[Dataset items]
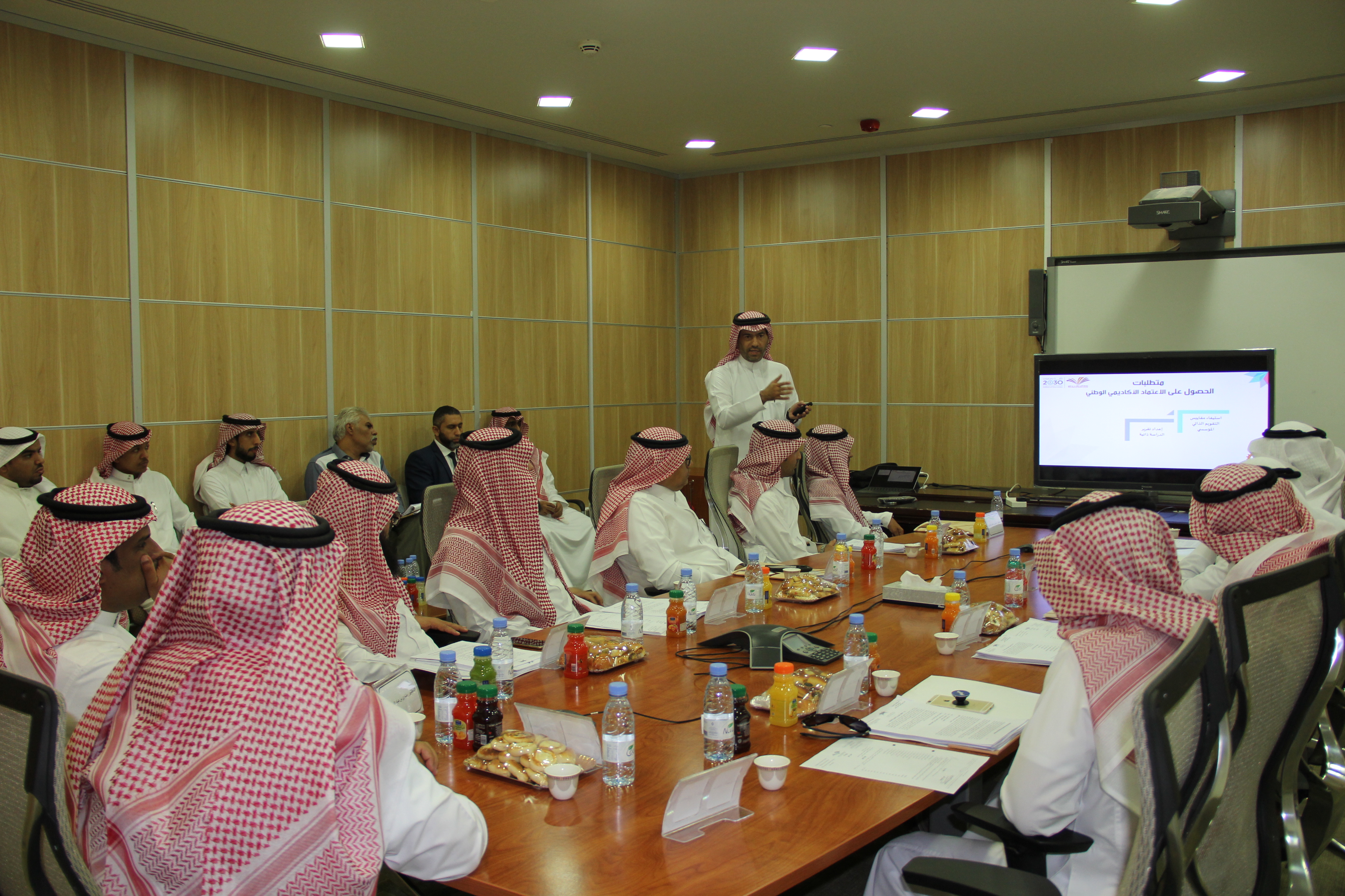 بعد ذلك استعرض السهلي المرحلة الحالية وهي مرحلة الاعتماد الأكاديمي الوطني، والتي تتطلب استيفاء متطلبات ومعايير المركز الوطني للتقويم والاعتماد الأكاديمي وذلك طبقا للخطة الزمنية التي وضعت من قبل عمادة التطوير والجودة بدءًا بتشكيل اللجان وفرق العمل وصولاً لتحديد دور ومهام كل لجنة وفريق في استيفاء الدراسة التقويمية للجامعة، وكذلك التنسيق مع المركز الوطني من أجل زيارة فريق خبراء الاعتماد.
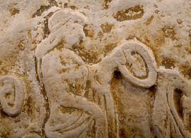 Placca in terracotta dipinta a finto marmo con rilievo di ispirazione classica, XX secolo, cm 34x42,5, (segni del tempo)
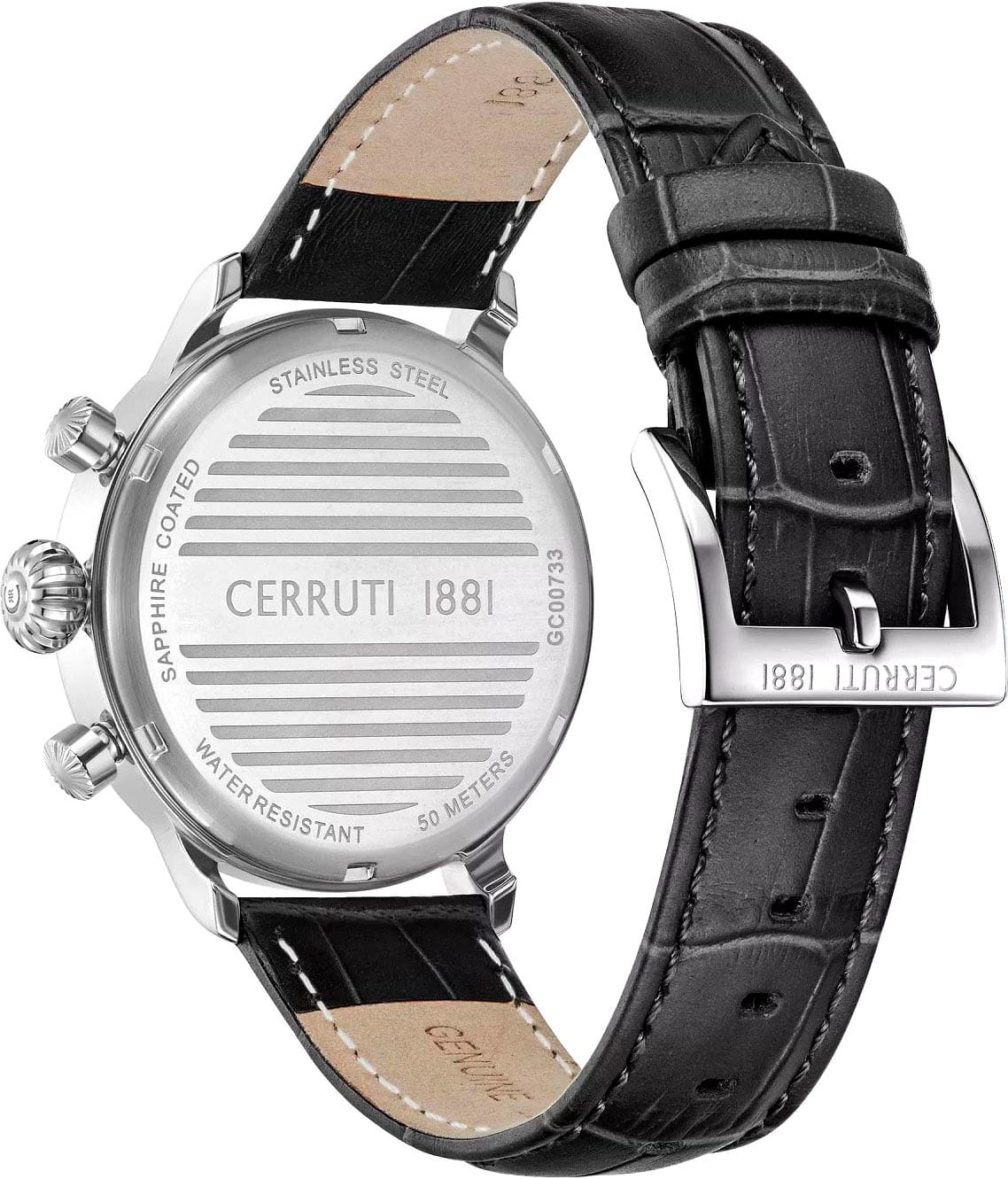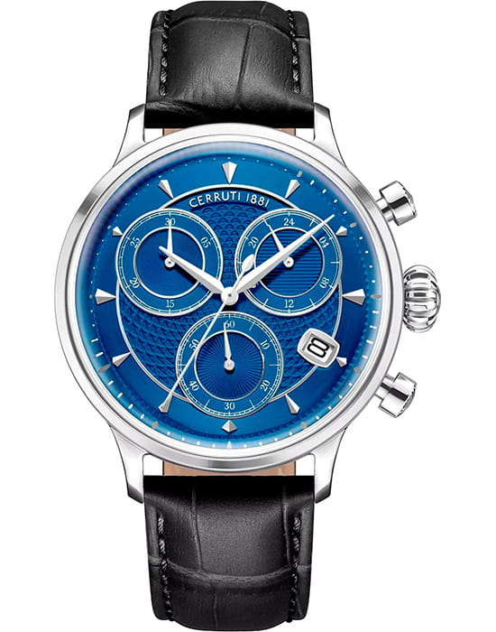 Cerruti 1881 CIWGC0073303 — элегантные мужские часы, сочетающие классическую форму корпуса с выразительной спортивной функциональностью. На рельефном циферблате расположены три дополнительных индикатора хронографаХронографФункция позволяет измерять отрезки времени с особой точностью: часы, минуты, секунды. Верным признаком хронографа является наличие на циферблате 3 дополнительных окошек-счётчиков. и окошко даты в положении «4 часа». Корпус из нержавеющей стали подчёркивает солидность модели, а контрастные акценты на стрелках и метках придают ей изысканный характер. Стекло минеральноеМинеральное стеклоМинеральное стекло представляет собой искусственно выращенный минерал кварца. Такое стекло отличается особой устойчивостью к повреждениям и царапинам. Уступает по некоторым качествам сапфировому стеклу. обеспечивает надёжную защиту от царапин. Кожаный ремешок с классической прострочкой дополняет образ и фиксируется удобной стандартной застежкой. Эта модель удачно объединяет традиционную утончённость и современную энергию, подойдя как к деловому, так и повседневному стилю.
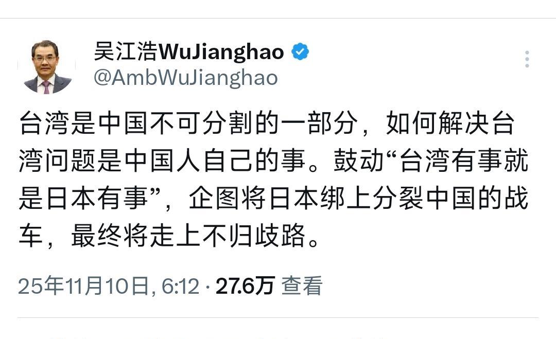 中国驻日本大使吴江浩今天(11月10日)发文写道:“台湾是中国不可分割的一部分,如何解决台湾问题是中国人自己的事。鼓动‘台湾有事就是日本有事’,企图将日本绑上分裂中国的战车,最终将走上不归歧路。” [机智]评几句:从安倍晋三到高市早苗,一直在鼓动“台湾有事就是日本有事”。这种行径是对中国内政的粗暴干涉,严重破坏地区和平稳定。日本部分政客为私利妄图挑动两岸对立,将日本拖入危险境地。中国驻日大使的表态清晰有力,台湾问题纯属中国内政。如果日本继续泯顽不灵,在错误道路上越走越远,那中国定不会坐视,新仇旧恨一起算,让其付出沉重代价。
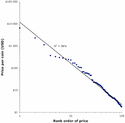 Mathematically, Power Laws are of interest because of what is known as "scale invariance", as well as the fact that there is no well-defined average value. Furthermore, Power Laws are considered to be universal — you can read about this in Wikipedia. One of the more obvious places that we might expect to find them is in the exchange rates of currencies (their "worth") — there will be a few of great worth (the "major currencies") and lots of lesser worth.
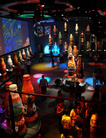 8月9日,在北京奧林匹克公園,來自全國各地的34個可口可樂藝術(shù)瓶向公眾展出,精美的“瓶體”藝術(shù)品展現(xiàn)中國傳統(tǒng)文化和各地民俗風情,是奧運與文化、商業(yè)、藝術(shù)的精巧結(jié)合。這是8月9日在奧林匹克公園拍攝的可口可樂藝術(shù)瓶。
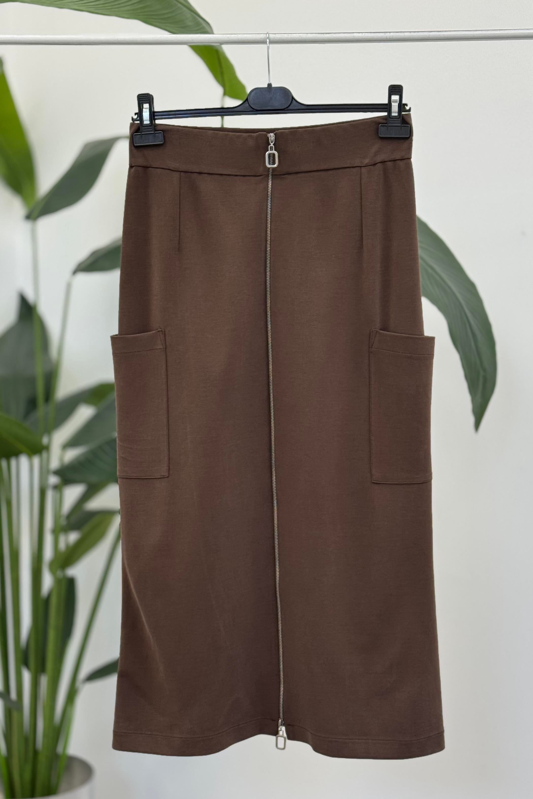 Sentez 5469 Cep Detaylı Fermuarlı Etek - Kahve

- [WHAT THE TASK REQUIRES]
Retype only the lines from the one with "8月9日,在北京奧林匹克公園" through the final line of the entries, please, and keep the pictures out.

- [ANSWER TO THIS TASK]
 8月9日,在北京奧林匹克公園,來自全國各地的34個可口可樂藝術(shù)瓶向公眾展出,精美的“瓶體”藝術(shù)品展現(xiàn)中國傳統(tǒng)文化和各地民俗風情,是奧運與文化、商業(yè)、藝術(shù)的精巧結(jié)合。這是8月9日在奧林匹克公園拍攝的可口可樂藝術(shù)瓶。
 Sentez 5469 Cep Detaylı Fermuarlı Etek - Kahve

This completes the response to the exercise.